▶ **EXERCISE REQUIREMENTS**: Leaving out the pictures, write out exactly each line from the line with "предъявления иска об" through the close of the listing below.

▶ **SUPPLIED INFORMATION**:
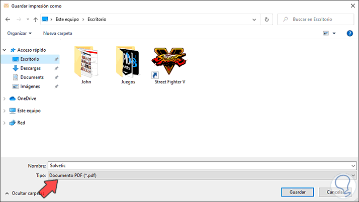 Damos clic en el botón “Imprimir” y luego definimos la ruta y nombre del archivo:
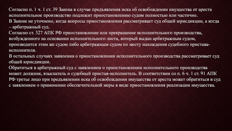 предъявления иска об освобождении имущества от ареста исполнительное производство подлежит
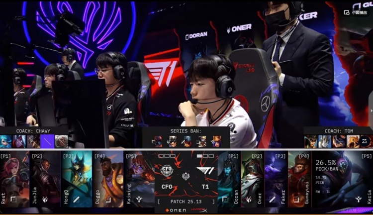 T1:上单Doran、打野Oner、中单Faker、下路Gumayusi、辅助Keria

▶ **RESPONSE TO THIS TASK**:
 предъявления иска об освобождении имущества от ареста исполнительное производство подлежит
 T1:上单Doran、打野Oner、中单Faker、下路Gumayusi、辅助Keria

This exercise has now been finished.